Scottish film director, screenwriter and musician

John Maclean is a Scottish film director, screenwriter, artist and musician. He is best known for writing and directing the films Slow West (2015) and Tornado (2025) and for his work with Scottish musical group the Beta Band.

==Early life and career==

Maclean was born in 1972 in Perth, Scotland and was brought up in Tayport, near Dundee. He obtained his bachelor's degree (BA) in drawing and painting from Edinburgh College of Art, and his master's degree (MA) from the Royal College of Art in London. After college, he delivered cars by driving them to their new owners around the United States; seeing so much of the country later inspired his interest to make a Western.

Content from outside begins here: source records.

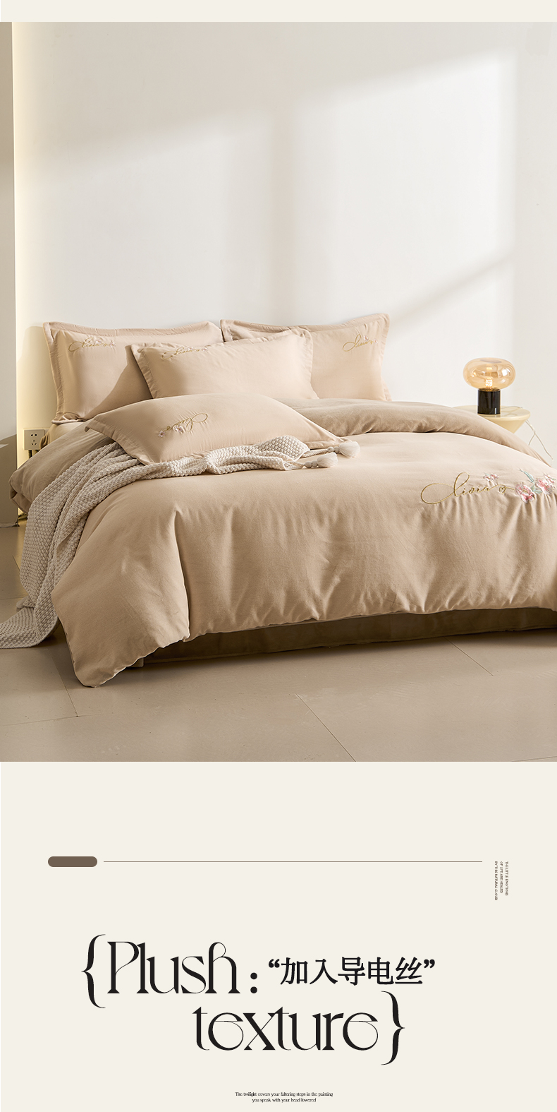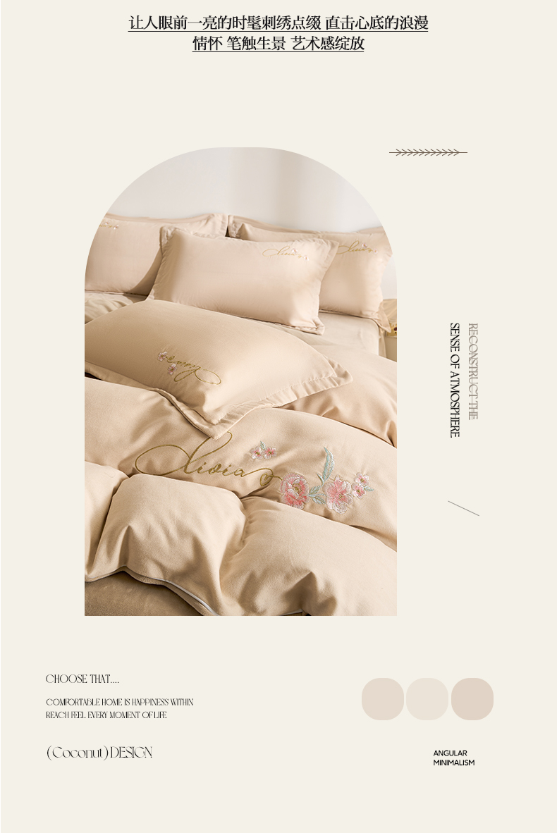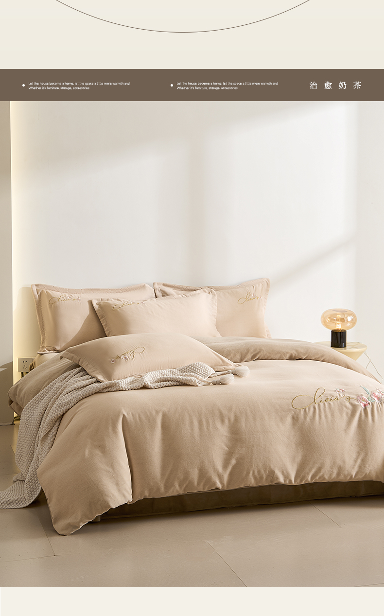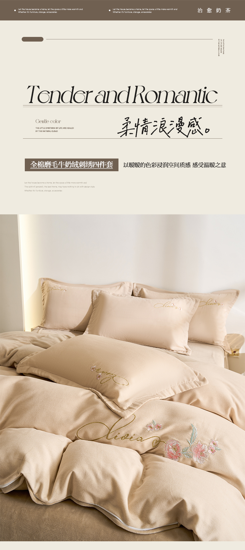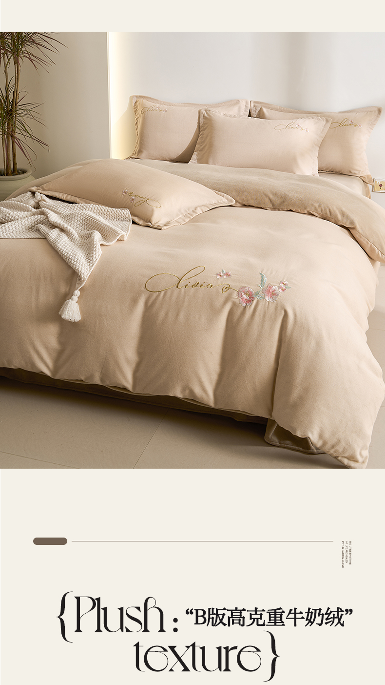 慕希家纺 2024新款全棉磨毛牛奶绒刺绣四件套-春暖花开 春暖花开-奶杏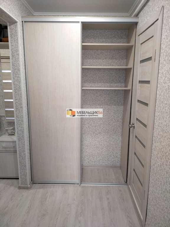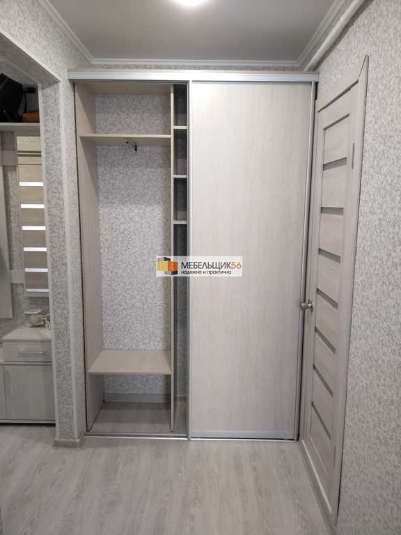 Деревянное покрытие. 6 вариантов гардеробов различных размеров и угловой модуль. Светодиодная подсветка на под...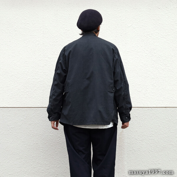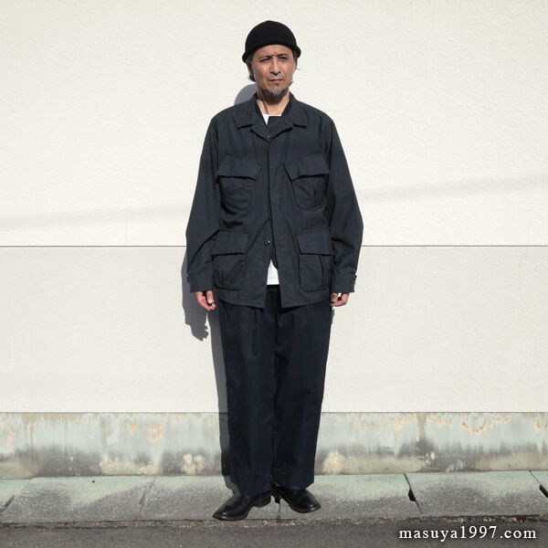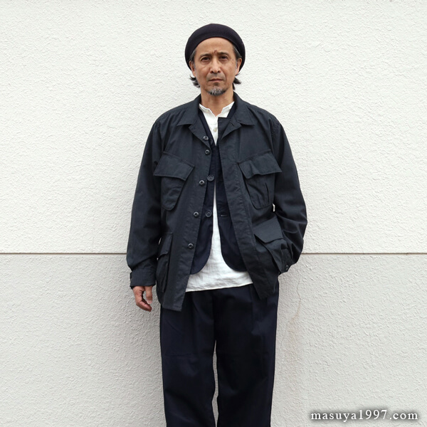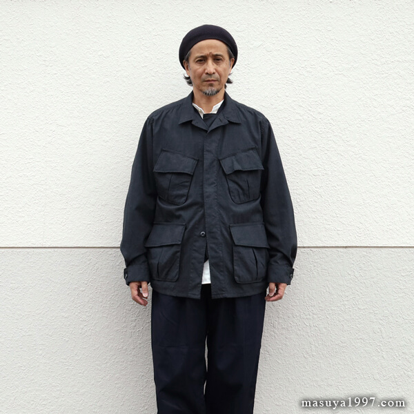 ベトナム戦争で大量に投入されたB.D.Uジャケットを基にしており、斜めに角度の付いた胸ポケットや独特のポケット形状が特徴です。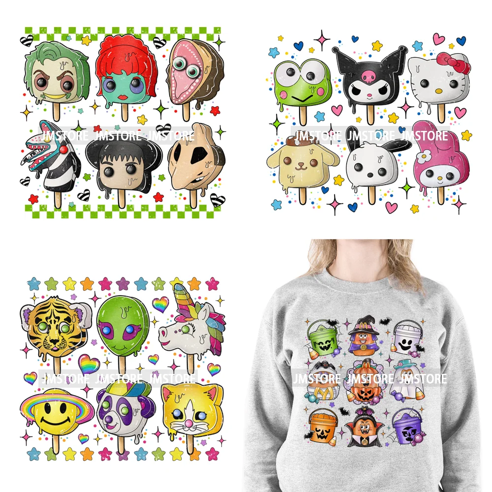 Colorful Horror Cartoon Character Ice Cream Dessert Halloween Sweets Summer Popsicle DTF Iron On Transfer Stickers For Clothes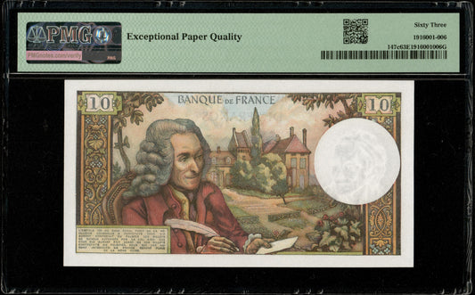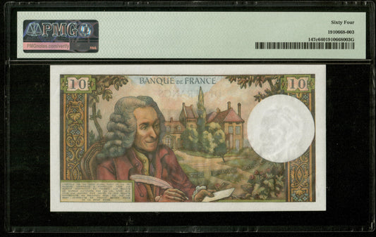FRANCE - 10 Francs Voltaire 1970 F.62.46, P.147c NEUF / PMG 63 EPQ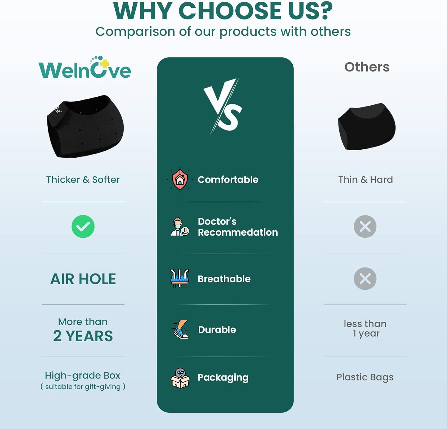 - UPGRAGE DESIGN - The upgraded heel protector with "air holes" is more breathable and moisture-wicking, keeping your feet nice and comfort. Made of skin-friendly fabric providing better fit, Welnove plantar fasciitis heel cups not easily wear down and it can take the impact off the area, providing persistent cushioning and support.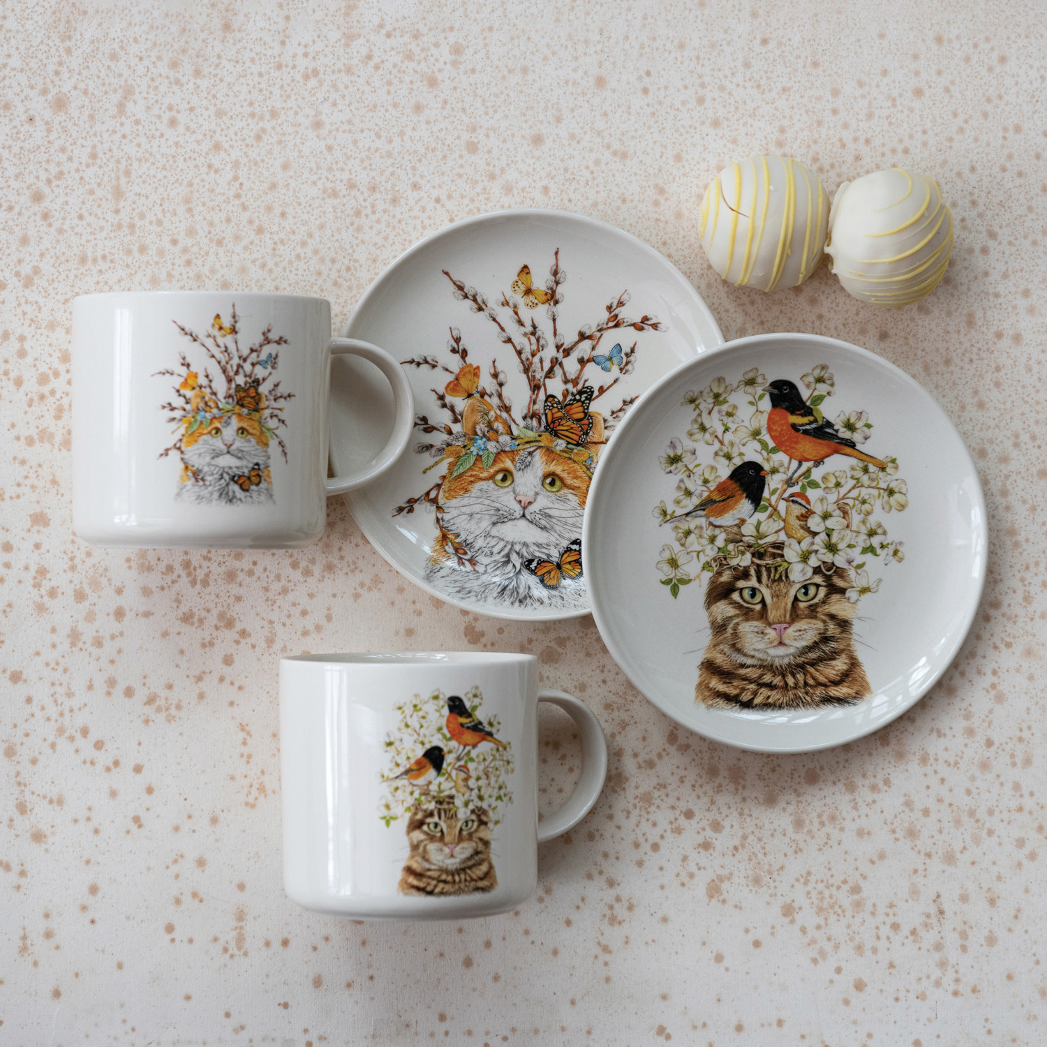 14 oz. Stoneware Mug with Cat & Flora/Fauna, 2 Styles ©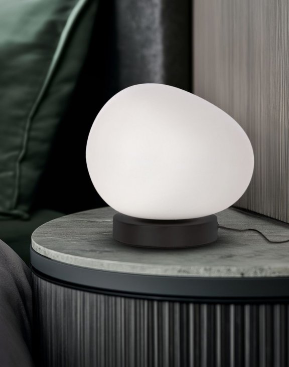 Lampa stołowa Stones wyróżnia się wyjątkowym, nieregularnym kształtem białego klosza, który przypomina wygładzony przez wodę kamień. Dzięki temu każda przestrzeń zyskuje subtelny, organiczny akcent. Umieszczona na stoliku nocnym, komodzie lub biurku stanie się nie tylko źródłem światła, ale również stylową ozdobą wnętrza.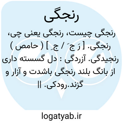 رنجگی. [ رَ ج َ / ج ِ ] ( حامص ) رنجیدگی. آزردگی: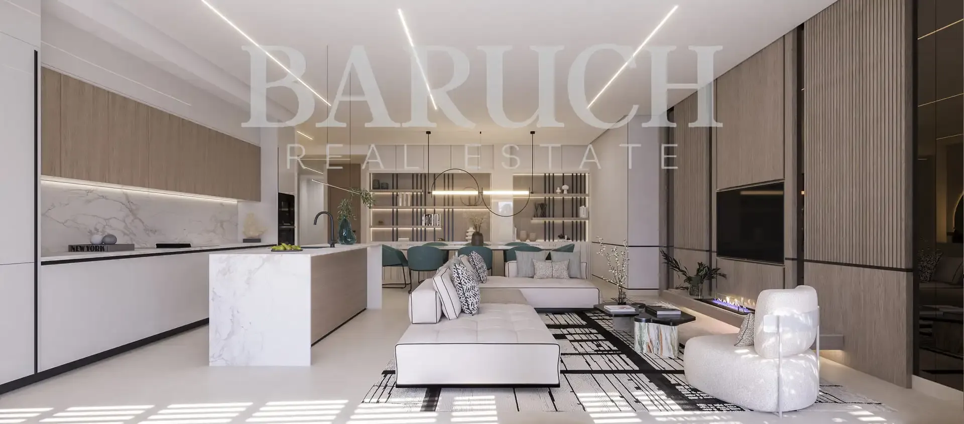 The homes offer interior spaces ranging from 95 sqm to 186 sqm and generous terraces between 35 sqm and 75 sqm, creating a seamless indoor outdoor living experience. Penthouses and ground floor apartments include private pools, while an elegant communal pool enhances the intimate resort style atmosphere. Selected units also feature an expansive basement space, ideal for a private entertainment lounge, home cinema, games area or a fully personalised lifestyle hub.
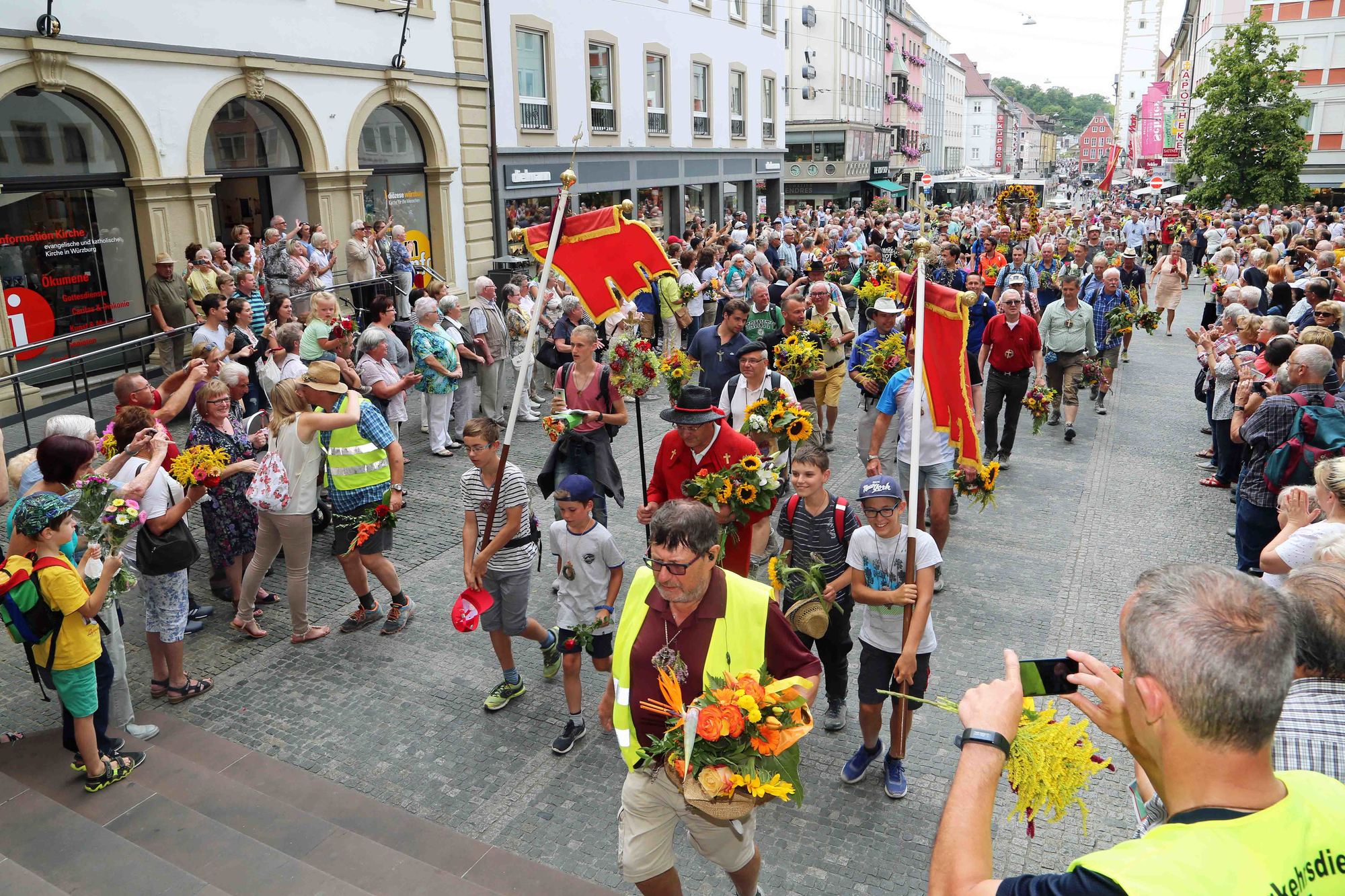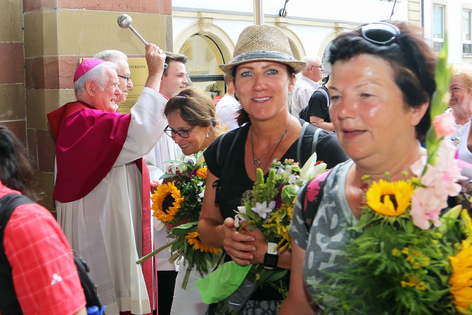 „Sie gehören zum progressiven Teil der Kirche“, begrüßte Bischof Dr. Friedhelm Hofmann die Pilger, vor allem die vielen Kinder und Jugendlichen. Sie hätten sich auf den Weg gemacht und ihre Bitten und Sorgen am Heiligen Berg der Franken abgeladen. „Nun werden Sie mit Blumen beschenkt, weil die Menschen Ihnen dankbar sind.“ Es sei manchmal nicht einfach, auf Gott zu vertrauen, fuhr der Bischof fort. „Viele Menschen sind in großer Not und Lebensgefahr und das bedrückt uns. Aber wir sind nicht allein auf uns zurückgeworfen“, betonte er. Franziskaner-Minorit Pater Maximilian M. Bauer, Präses der Bruderschaft zum Heiligen Kreuz Würzburg, dankte allen Pilgern und allen, die an der Vorbereitung und Durchführung der Wallfahrt beteiligt waren, allen voran dem neuen Wallfahrtsleiter Michael Seufert. „Danke, dass Du Ja gesagt hast zu diesem Dienst. Du hast ihn auf unserem Weg bestens ausgeübt.“ Zum Abschluss erteilten Bischof Hofmann, Weihbischof em. Helmut Bauer, Pater Maximilian Bauer sowie weitere Priester den Gläubigen den Segen. Die Kreuzbergwallfahrer waren am Sonntag, 20. August, am Würzburger Neumünster gestartet und legten innerhalb von fünf Tagen insgesamt rund 173 Kilometer zurück. Die Wallfahrt stand unter dem Motto „Den Weg mit ganzem Herzen gehen!“.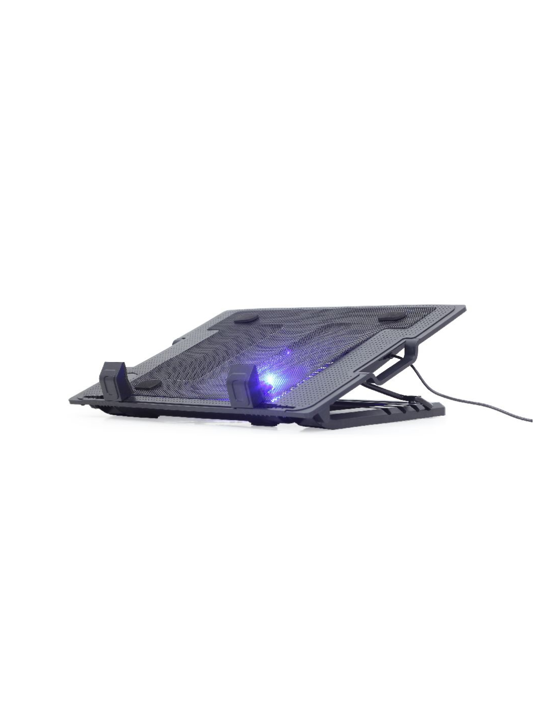 Gembird NBS-1F17T-01. Tamaño máximo de pantalla: 43,2 cm (17"), Número de ventiladores incluidos: 1 pieza(s), Diámetro de ventilador: 15 cm. Color del producto: Negro, Material: Metal, Plástico, Iluminación de color: Púrpura. Interfaz de host: USB. Alimentación: USB, Voltaje de entrada: 5 V, Consumo actual: 350 mA. Ancho: 265 mm, Profundidad: 370 mm, Altura: 33 mm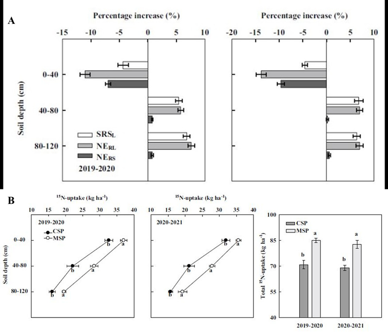 图3.播种模式对不同土层深度15N吸收(A)及总15N吸收量(B)的调控效应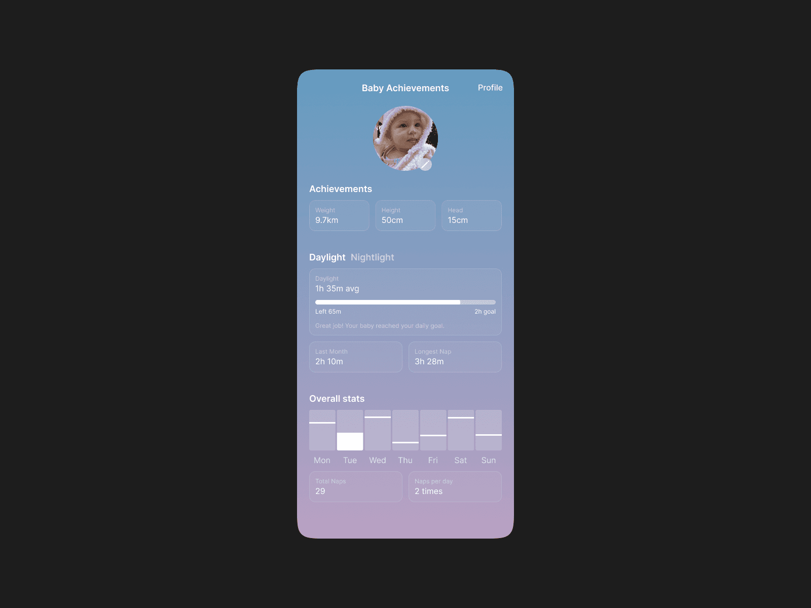 Designing calm, connection, and confidence for modern parents. Kidio is a mobile app that helps parents support their baby’s health and sleep routines through AI-assisted care. Designed to feel like a gentle, always-there companion, Kidio blends soothing soundscapes, personalized sleep rituals, and tailored guidance into a seamless experience that nurtures both baby and caregiver. This project focused on creating a warm, intuitive interface that reduces anxiety and builds trust. The UI is soft, minimal, and emotionally resonant, while the UX prioritizes quick access to features during high-stress moments, such as late-night wake-ups or nap time struggles. Kidio reimagines baby care through the lens of emotional design and AI — turning technology into a source of comfort.

Maclean is a founding member of the Scottish indie-rock groups the Beta Band and the Aliens. He has directed music videos for both, as well as for Django Django and KT Tunstall. The Beta Band's videos came to the attention of actor Michael Fassbender, who agreed to a part in Maclean's 2009 short film Man on a Motorcycle; Fassbender would later appear in Maclean's debut feature film, Slow West (2015). The Guardian described the partnership between Maclean and Fassbender as "not quite up there with Scorsese/De Niro yet, but a good start".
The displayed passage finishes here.